* **YOUR OBJECTIVE**
Could you give the data below again, exactly and completely?

* **TASK INPUTS**
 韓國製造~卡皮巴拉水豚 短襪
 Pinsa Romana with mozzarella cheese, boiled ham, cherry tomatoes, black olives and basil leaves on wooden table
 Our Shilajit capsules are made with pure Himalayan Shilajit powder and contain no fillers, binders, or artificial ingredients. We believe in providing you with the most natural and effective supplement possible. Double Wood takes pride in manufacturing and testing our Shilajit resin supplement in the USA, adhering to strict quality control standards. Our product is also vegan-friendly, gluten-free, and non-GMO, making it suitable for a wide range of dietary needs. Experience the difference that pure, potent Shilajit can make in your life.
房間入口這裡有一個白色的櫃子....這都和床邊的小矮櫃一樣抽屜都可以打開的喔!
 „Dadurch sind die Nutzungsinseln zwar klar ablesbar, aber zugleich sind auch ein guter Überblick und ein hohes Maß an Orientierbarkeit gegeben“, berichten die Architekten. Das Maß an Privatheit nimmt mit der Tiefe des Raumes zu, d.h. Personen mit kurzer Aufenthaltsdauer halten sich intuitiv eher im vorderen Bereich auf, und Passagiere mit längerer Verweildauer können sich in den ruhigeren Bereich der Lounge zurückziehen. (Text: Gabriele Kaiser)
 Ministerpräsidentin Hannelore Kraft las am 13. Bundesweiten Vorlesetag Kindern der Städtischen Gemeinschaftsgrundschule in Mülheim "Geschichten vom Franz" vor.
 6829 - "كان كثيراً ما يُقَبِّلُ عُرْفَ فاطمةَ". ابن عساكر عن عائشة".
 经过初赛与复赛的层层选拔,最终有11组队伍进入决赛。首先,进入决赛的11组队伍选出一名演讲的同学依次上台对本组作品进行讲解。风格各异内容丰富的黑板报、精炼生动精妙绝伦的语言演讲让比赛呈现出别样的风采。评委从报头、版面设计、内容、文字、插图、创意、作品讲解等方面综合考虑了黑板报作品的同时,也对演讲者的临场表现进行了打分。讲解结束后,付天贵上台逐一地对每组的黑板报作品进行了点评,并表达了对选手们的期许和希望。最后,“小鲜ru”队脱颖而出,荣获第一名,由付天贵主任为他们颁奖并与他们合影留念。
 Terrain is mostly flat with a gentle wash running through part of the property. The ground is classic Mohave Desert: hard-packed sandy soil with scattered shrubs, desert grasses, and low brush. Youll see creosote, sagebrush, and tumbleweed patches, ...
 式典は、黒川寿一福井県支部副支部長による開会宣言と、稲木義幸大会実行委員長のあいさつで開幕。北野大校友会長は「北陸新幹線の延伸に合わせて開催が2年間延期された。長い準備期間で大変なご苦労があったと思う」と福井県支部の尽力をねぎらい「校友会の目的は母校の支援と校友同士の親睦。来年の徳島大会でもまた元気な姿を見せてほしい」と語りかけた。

* **EXERCISE RESULT**
 韓國製造~卡皮巴拉水豚 短襪
 Pinsa Romana with mozzarella cheese, boiled ham, cherry tomatoes, black olives and basil leaves on wooden table
 Our Shilajit capsules are made with pure Himalayan Shilajit powder and contain no fillers, binders, or artificial ingredients. We believe in providing you with the most natural and effective supplement possible. Double Wood takes pride in manufacturing and testing our Shilajit resin supplement in the USA, adhering to strict quality control standards. Our product is also vegan-friendly, gluten-free, and non-GMO, making it suitable for a wide range of dietary needs. Experience the difference that pure, potent Shilajit can make in your life.
房間入口這裡有一個白色的櫃子....這都和床邊的小矮櫃一樣抽屜都可以打開的喔!
 „Dadurch sind die Nutzungsinseln zwar klar ablesbar, aber zugleich sind auch ein guter Überblick und ein hohes Maß an Orientierbarkeit gegeben“, berichten die Architekten. Das Maß an Privatheit nimmt mit der Tiefe des Raumes zu, d.h. Personen mit kurzer Aufenthaltsdauer halten sich intuitiv eher im vorderen Bereich auf, und Passagiere mit längerer Verweildauer können sich in den ruhigeren Bereich der Lounge zurückziehen. (Text: Gabriele Kaiser)
 Ministerpräsidentin Hannelore Kraft las am 13. Bundesweiten Vorlesetag Kindern der Städtischen Gemeinschaftsgrundschule in Mülheim "Geschichten vom Franz" vor.
 6829 - "كان كثيراً ما يُقَبِّلُ عُرْفَ فاطمةَ". ابن عساكر عن عائشة".
 经过初赛与复赛的层层选拔,最终有11组队伍进入决赛。首先,进入决赛的11组队伍选出一名演讲的同学依次上台对本组作品进行讲解。风格各异内容丰富的黑板报、精炼生动精妙绝伦的语言演讲让比赛呈现出别样的风采。评委从报头、版面设计、内容、文字、插图、创意、作品讲解等方面综合考虑了黑板报作品的同时,也对演讲者的临场表现进行了打分。讲解结束后,付天贵上台逐一地对每组的黑板报作品进行了点评,并表达了对选手们的期许和希望。最后,“小鲜ru”队脱颖而出,荣获第一名,由付天贵主任为他们颁奖并与他们合影留念。
 Terrain is mostly flat with a gentle wash running through part of the property. The ground is classic Mohave Desert: hard-packed sandy soil with scattered shrubs, desert grasses, and low brush. Youll see creosote, sagebrush, and tumbleweed patches, ...
 式典は、黒川寿一福井県支部副支部長による開会宣言と、稲木義幸大会実行委員長のあいさつで開幕。北野大校友会長は「北陸新幹線の延伸に合わせて開催が2年間延期された。長い準備期間で大変なご苦労があったと思う」と福井県支部の尽力をねぎらい「校友会の目的は母校の支援と校友同士の親睦。来年の徳島大会でもまた元気な姿を見せてほしい」と語りかけた。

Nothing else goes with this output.